• [Data block]
============================================================

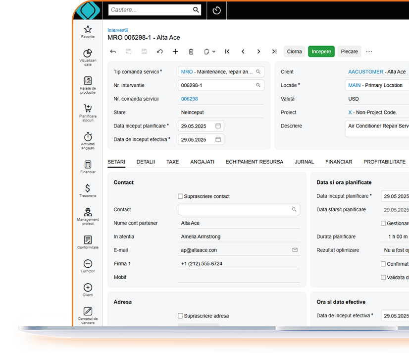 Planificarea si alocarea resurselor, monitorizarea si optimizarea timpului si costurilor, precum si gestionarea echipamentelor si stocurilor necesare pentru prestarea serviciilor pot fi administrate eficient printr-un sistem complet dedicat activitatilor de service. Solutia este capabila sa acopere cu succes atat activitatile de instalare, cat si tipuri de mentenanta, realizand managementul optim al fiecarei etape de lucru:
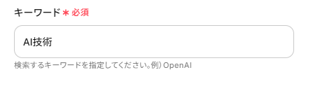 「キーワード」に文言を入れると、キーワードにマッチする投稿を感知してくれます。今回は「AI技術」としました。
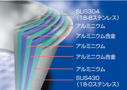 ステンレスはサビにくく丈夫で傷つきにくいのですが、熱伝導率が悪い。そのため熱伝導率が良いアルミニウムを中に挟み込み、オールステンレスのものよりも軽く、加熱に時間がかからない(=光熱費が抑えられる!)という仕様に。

============================================================

• [Problem to work on] With the pictures removed, copy the data above word for word.

• [Task output]
 Planificarea si alocarea resurselor, monitorizarea si optimizarea timpului si costurilor, precum si gestionarea echipamentelor si stocurilor necesare pentru prestarea serviciilor pot fi administrate eficient printr-un sistem complet dedicat activitatilor de service. Solutia este capabila sa acopere cu succes atat activitatile de instalare, cat si tipuri de mentenanta, realizand managementul optim al fiecarei etape de lucru:
 「キーワード」に文言を入れると、キーワードにマッチする投稿を感知してくれます。今回は「AI技術」としました。
 ステンレスはサビにくく丈夫で傷つきにくいのですが、熱伝導率が悪い。そのため熱伝導率が良いアルミニウムを中に挟み込み、オールステンレスのものよりも軽く、加熱に時間がかからない(=光熱費が抑えられる!)という仕様に。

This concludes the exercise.